▸ **TASK DESCRIPTION**
Transcribe the whole listing below. Pictures do not go in the copy.

▸ **THE INPUT**

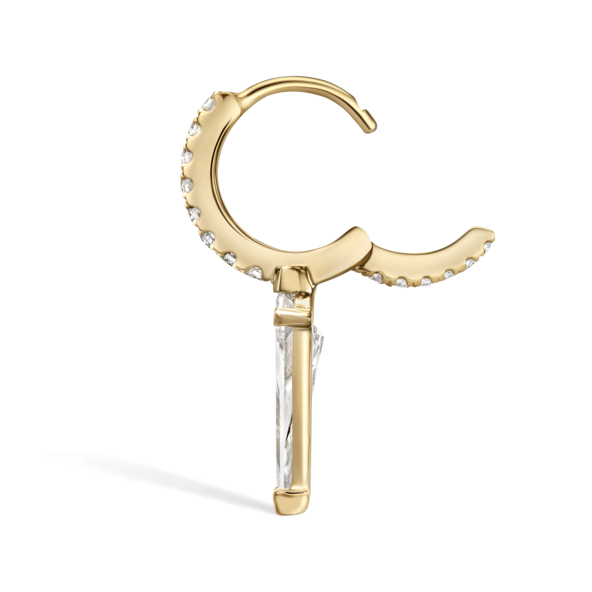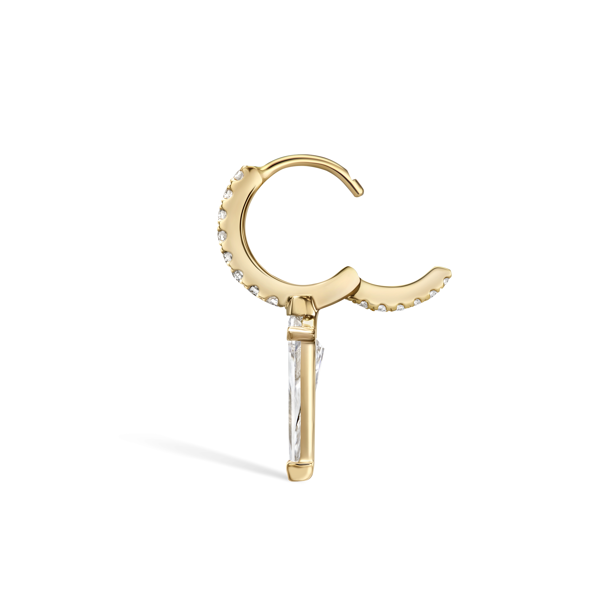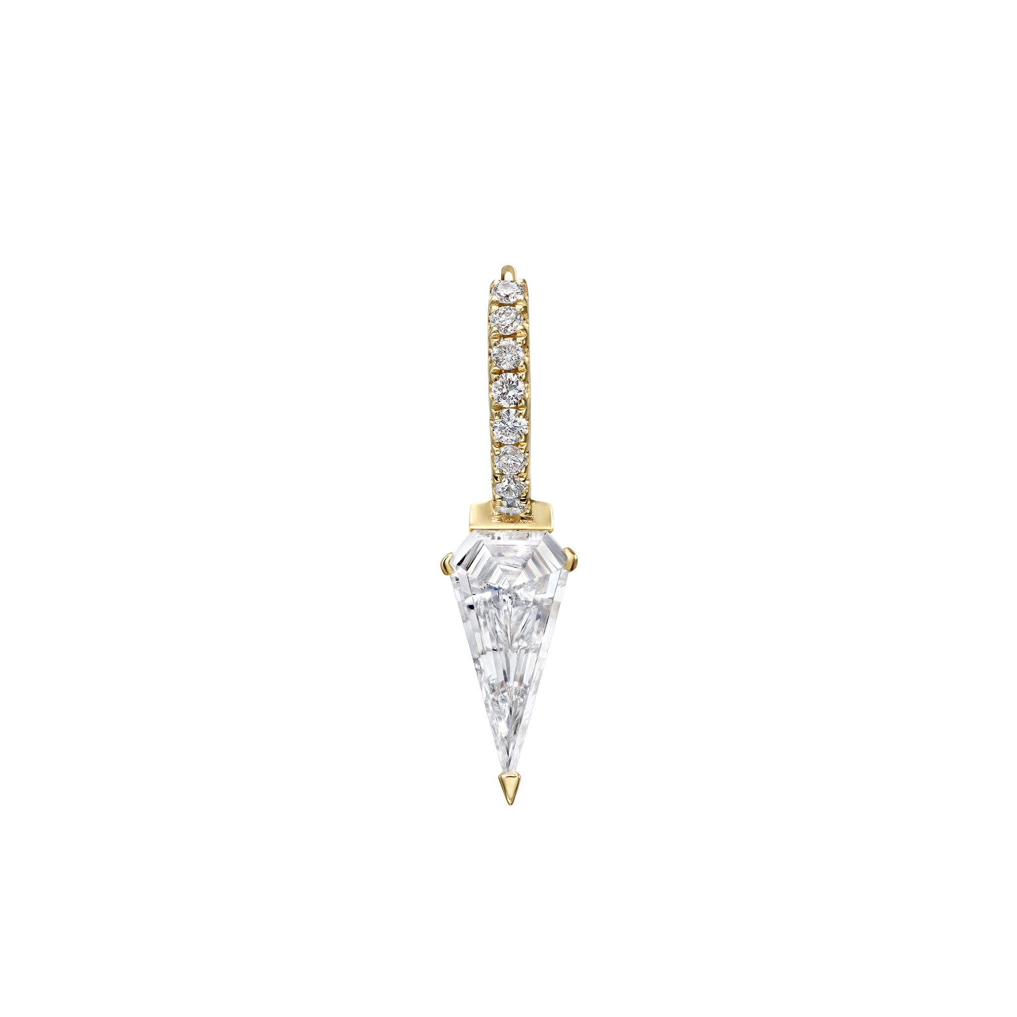 A luxurious upgrade to our iconic spike design. This patented style features a single long silhouette diamond suspended from a classic 6.5mm solid gold eternity hoop. Maria developed and perfected this unique diamond shape that makes a striking addition to the Lobe.
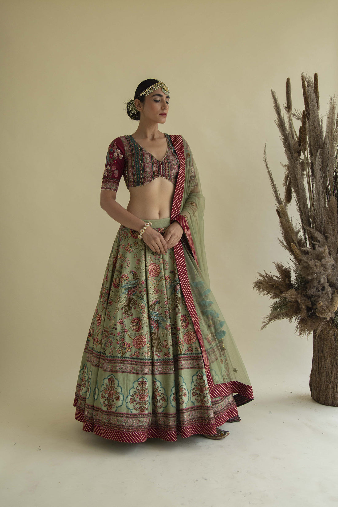 Mint green haldi lehengas are a refreshing and unconventional option for brides who want to stand out. This calming shade brings a modern edge to traditional ceremonies, offering a unique alternative to brighter colours. Brides can embrace contemporary styles with mint green lehengas featuring intricate chikankari work or subtle embellishments. Pair this green lehenga with silver jewellery or pastel accents for a sophisticated and refreshing bridal outfit.
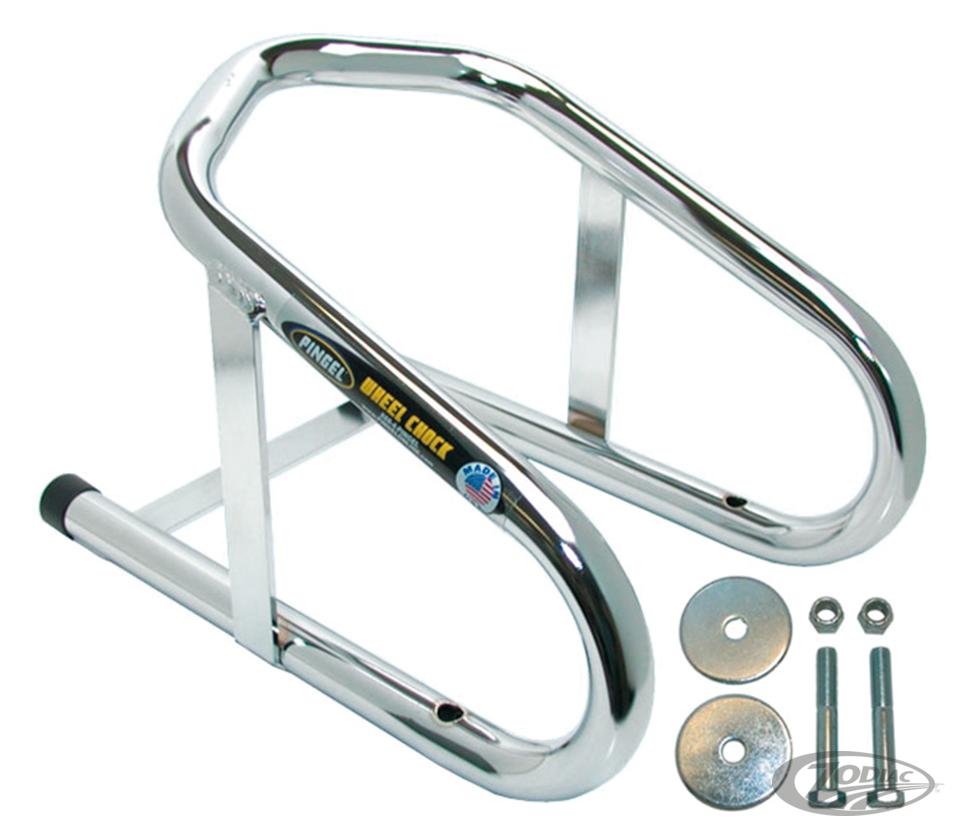 The Pingel wheel chocks are also available with drilled mounting holes. They mount permanently on the floor of your truck or trailer. The wheel chock is made from heavy duty thick wall steel construction and includes mounting hardware for easy installation. Available in 2 dimensions. These wheel chocks are a trademark of Pingel Enterprises Inc. and are made in the USA.
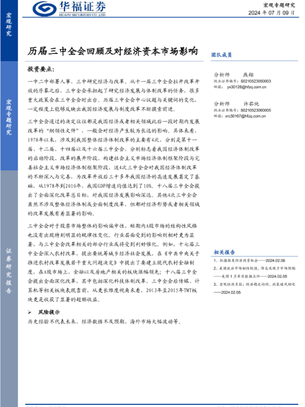 【华福证券】【20240709】宏观专题研究:历届三中全会回顾及对经济资本市场影响-10页 行业研究
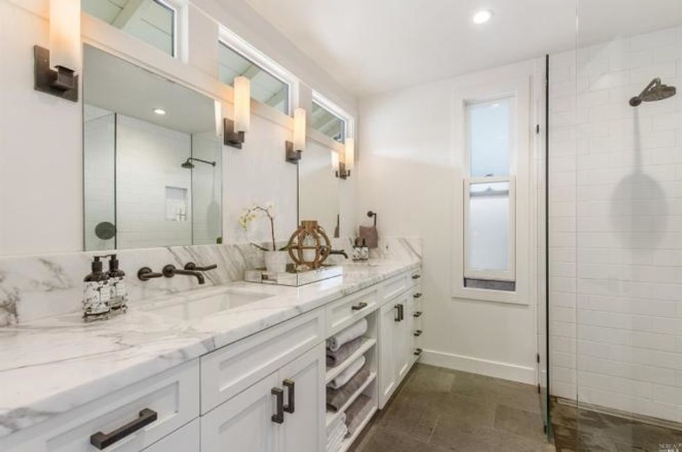 The best days at this 2,700-square-foot home will begin with breakfast at the marble island counter warmed by a fireplace (so hygge!)—there are also floor to ceiling cabinets, wine storage, and a butler's pantry—and end with a perfect sunset out the west-facing windows.
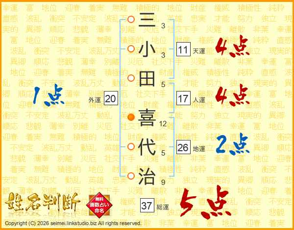 三小田喜代治さんの総運は37画の5点!
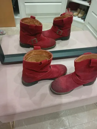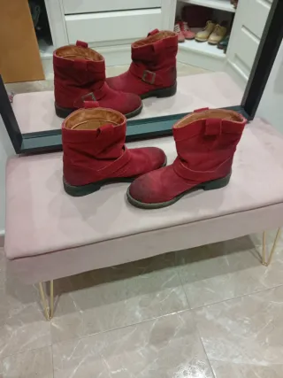 Botines de Piel Velcro Rojo Talla 37 Nuevos
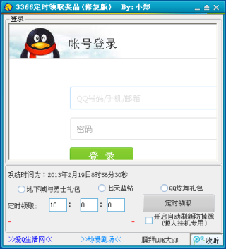 3366定时抢礼包工具发布,可以帮助玩家自动定时领取奖品,最新1.0修复版推出,修复了默认的错误时间,增加保存时间配置等功能,需要注意的是本软件为辅助兑换,并不是无条件兑换,所以请确保你有足够的金币。
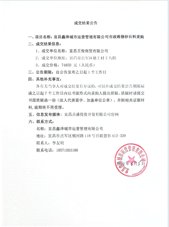 宜昌鑫澤城市運(yùn)營(yíng)管理有限公司市政維修砂石料采購(gòu)項(xiàng)目成交公告
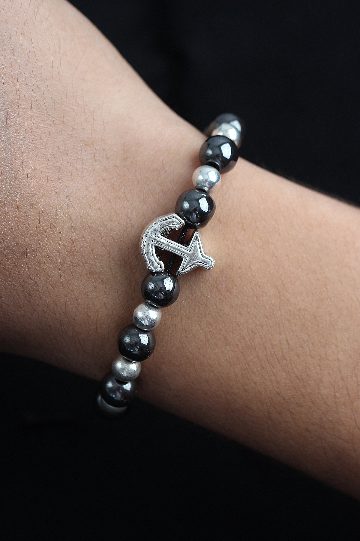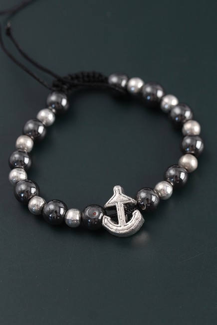 Doğal Taş Çapa Model Gümüş Ve Füme Renk Asansörlü Erkek Bileklik - 265486
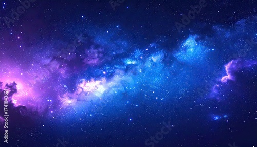 Obraz premium Cosmic Nebula with Deep Blue and Purple Hues Dotted with Starry Light in Dark...
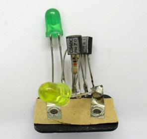 Der Lichtsensor ist so einfach, dass man ihn auch frei verdrahtet aufbauen kann. Hier wurde ein Batterieclip aus einer verbrauchten 9-V-Batterie ausgebaut. Er diente nun als Träger für die Schaltung. Sie kann direkt auf eine Batterie aufgesteckt werden.
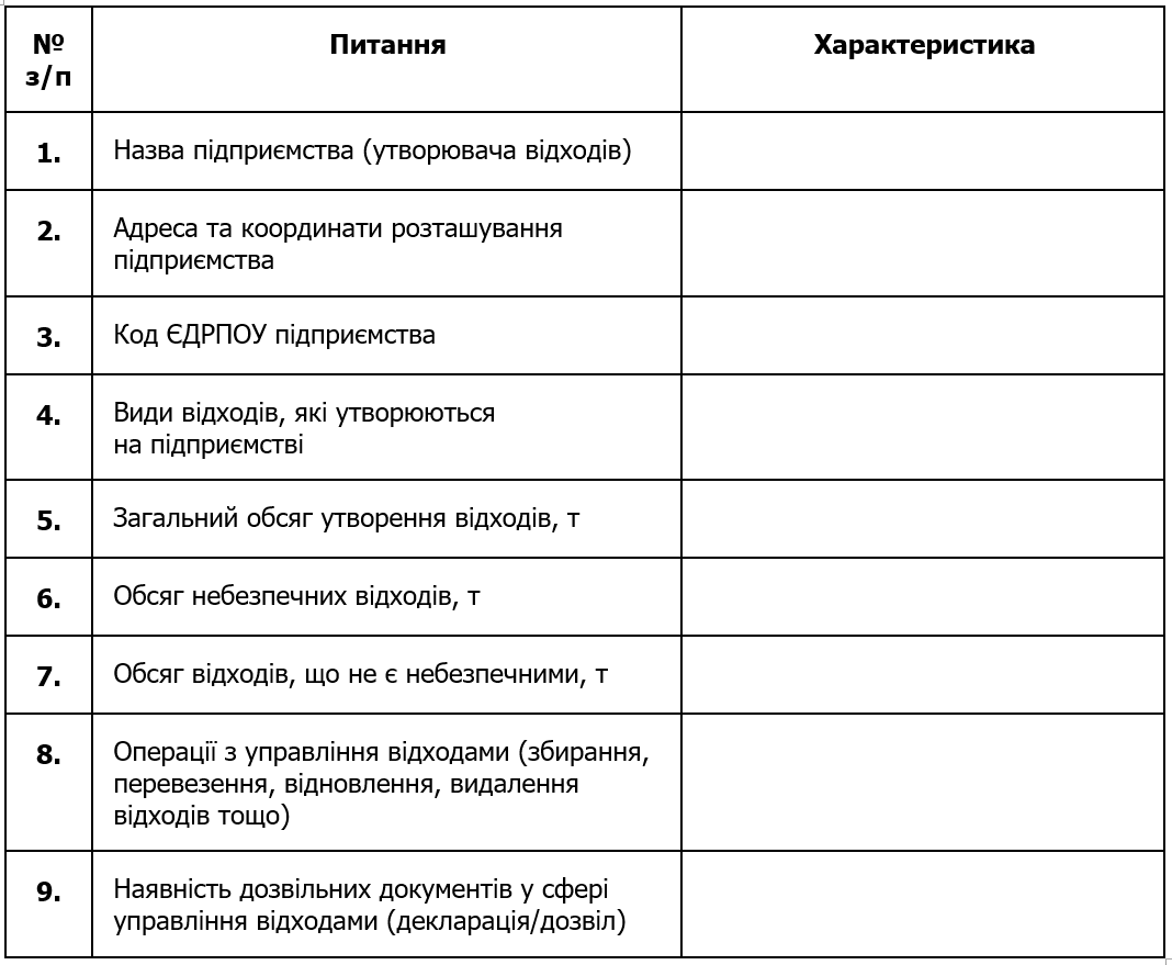 Варто зазначити, що надана структура документа «Інформація про відходи та пов’язану з ними діяльність» орієнтовна та не є вичерпною. У документ може бути включена та/або виключена певна інформація.
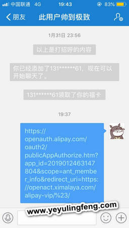 复制以上链接用支付宝打开,注意主能用支付宝打开,因为这是链接要想在支付宝打开只能通过消息发送给一位支付宝好友,在消息中就能点击进入了,活动前几天就在群里发了,一直有人说不会打开,这里附上图:
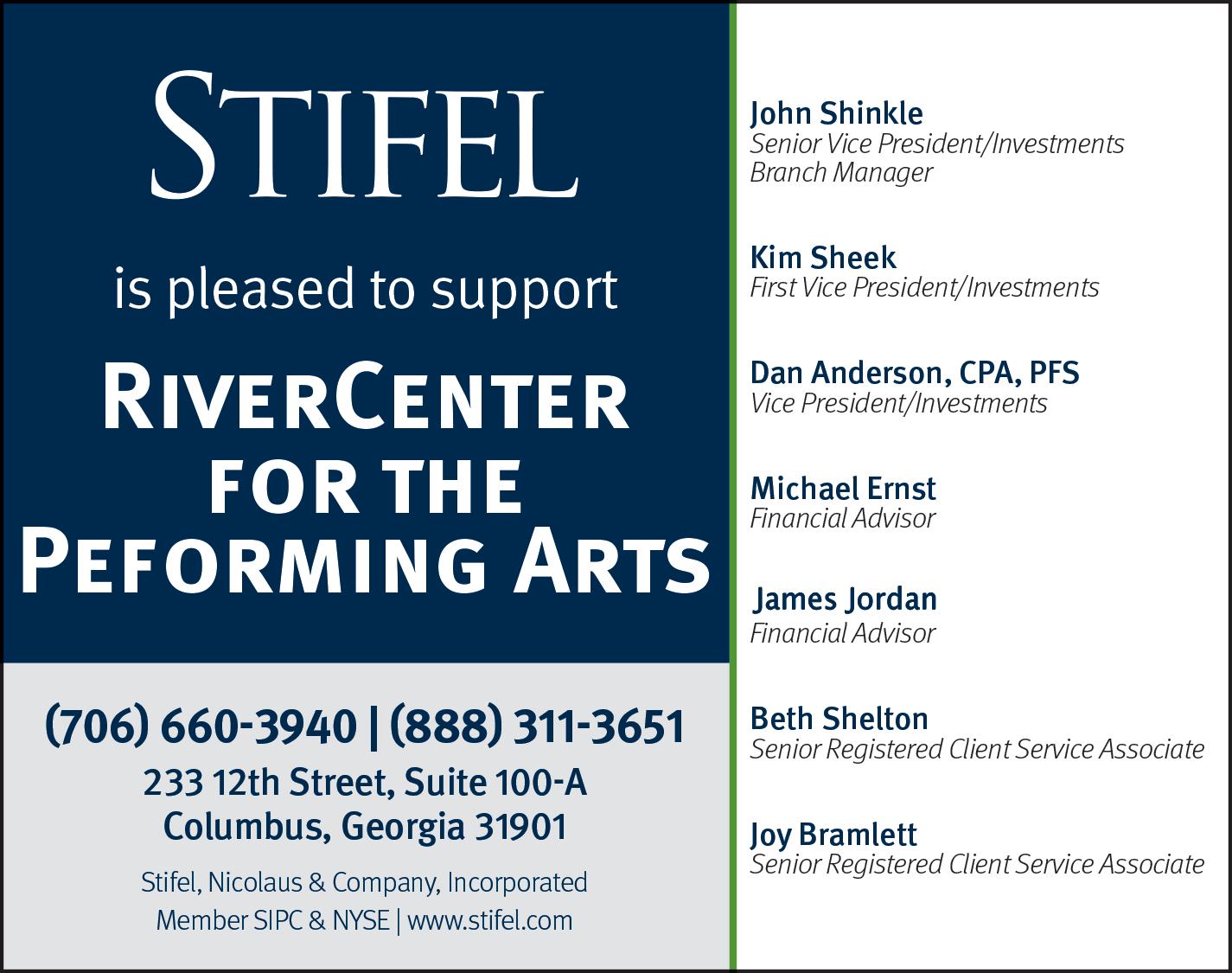 Thank you to our Corporate Sponsors! As a 501(c)3 organization, RiverCenter depends on the generosity of corporations to help present world-class artists and offer varied educational opportunities. RiverCenter for the Performing Arts offers one-of-a-kind, tailor-made opportunities for businesses and organizations to invest in the arts and arts education, while increasing visibility as a philanthropic leader in the Columbus region. Performances at RiverCenter would not be possible without the goodwill of our sponsors. A wide range of sponsorship opportunities are available, including theatre productions, events, special projects, education and outreach initiatives and can be customized to meet sponsors’ specific interests and needs, beginning at $1,500.

▸ **SOLUTION**
 A luxurious upgrade to our iconic spike design. This patented style features a single long silhouette diamond suspended from a classic 6.5mm solid gold eternity hoop. Maria developed and perfected this unique diamond shape that makes a striking addition to the Lobe.
 Mint green haldi lehengas are a refreshing and unconventional option for brides who want to stand out. This calming shade brings a modern edge to traditional ceremonies, offering a unique alternative to brighter colours. Brides can embrace contemporary styles with mint green lehengas featuring intricate chikankari work or subtle embellishments. Pair this green lehenga with silver jewellery or pastel accents for a sophisticated and refreshing bridal outfit.
 The Pingel wheel chocks are also available with drilled mounting holes. They mount permanently on the floor of your truck or trailer. The wheel chock is made from heavy duty thick wall steel construction and includes mounting hardware for easy installation. Available in 2 dimensions. These wheel chocks are a trademark of Pingel Enterprises Inc. and are made in the USA.
 【华福证券】【20240709】宏观专题研究:历届三中全会回顾及对经济资本市场影响-10页 行业研究
 The best days at this 2,700-square-foot home will begin with breakfast at the marble island counter warmed by a fireplace (so hygge!)—there are also floor to ceiling cabinets, wine storage, and a butler's pantry—and end with a perfect sunset out the west-facing windows.
 三小田喜代治さんの総運は37画の5点!
 Botines de Piel Velcro Rojo Talla 37 Nuevos
 3366定时抢礼包工具发布,可以帮助玩家自动定时领取奖品,最新1.0修复版推出,修复了默认的错误时间,增加保存时间配置等功能,需要注意的是本软件为辅助兑换,并不是无条件兑换,所以请确保你有足够的金币。
 宜昌鑫澤城市運(yùn)營(yíng)管理有限公司市政維修砂石料采購(gòu)項(xiàng)目成交公告
 Doğal Taş Çapa Model Gümüş Ve Füme Renk Asansörlü Erkek Bileklik - 265486
 Obraz premium Cosmic Nebula with Deep Blue and Purple Hues Dotted with Starry Light in Dark...
 Der Lichtsensor ist so einfach, dass man ihn auch frei verdrahtet aufbauen kann. Hier wurde ein Batterieclip aus einer verbrauchten 9-V-Batterie ausgebaut. Er diente nun als Träger für die Schaltung. Sie kann direkt auf eine Batterie aufgesteckt werden.
 Варто зазначити, що надана структура документа «Інформація про відходи та пов’язану з ними діяльність» орієнтовна та не є вичерпною. У документ може бути включена та/або виключена певна інформація.
 复制以上链接用支付宝打开,注意主能用支付宝打开,因为这是链接要想在支付宝打开只能通过消息发送给一位支付宝好友,在消息中就能点击进入了,活动前几天就在群里发了,一直有人说不会打开,这里附上图:
 Thank you to our Corporate Sponsors! As a 501(c)3 organization, RiverCenter depends on the generosity of corporations to help present world-class artists and offer varied educational opportunities. RiverCenter for the Performing Arts offers one-of-a-kind, tailor-made opportunities for businesses and organizations to invest in the arts and arts education, while increasing visibility as a philanthropic leader in the Columbus region. Performances at RiverCenter would not be possible without the goodwill of our sponsors. A wide range of sponsorship opportunities are available, including theatre productions, events, special projects, education and outreach initiatives and can be customized to meet sponsors’ specific interests and needs, beginning at $1,500.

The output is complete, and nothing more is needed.